La voz nos coge por sorpresa. Un joven,
sin duda el esposo de la chica, sostiene con delicadeza al niño dormido. Está a
pocos metros de nosotros, erguido para ver la procesión, y sin duda ha
escuchado mi pregunta. Sin embargo no muestra hostilidad, sólo curiosidad por
esta pareja que asiste estupefacta a la fiesta de su ciudad.
–Sois extranjeros. ¿Me equivoco?
–Venimos de lejos, desde luego –le
contesta el Maestro.
–Habláis muy bien, para… venir de lejos.
Como os decía, esa es la hermandad de El
beso de Judas.
–¿También lo sacáis a él… en procesión?
–no puedo dejar de preguntar boquiabierto.

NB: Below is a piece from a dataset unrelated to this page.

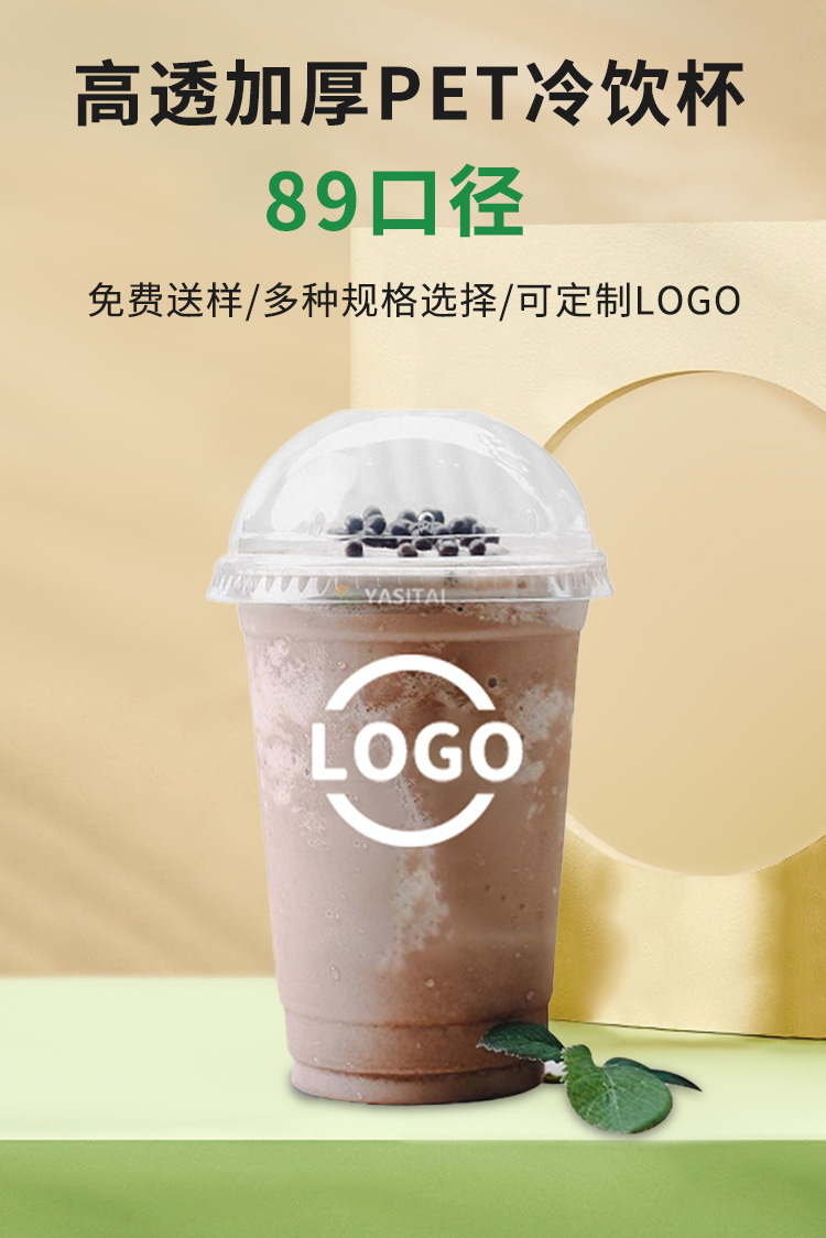 厂家pet89口径一次性咖啡杯加厚冷饮塑料杯奶茶杯子批有盖子批发

–Por supuesto. Aquí tenemos un dicho: «Si no hubiera existido Judas, lo habríamos
inventado». Sin él, no tendríamos nuestra Semana Santa.
–«Padre,
perdónalos, porque no saben lo que hacen» –se me escapa en voz alta,
desternillándome de risa ante la joven pareja, que se aleja perpleja para ver
la procesión.
–Judas…
–Lo siento Maestro. No lo pude evitar.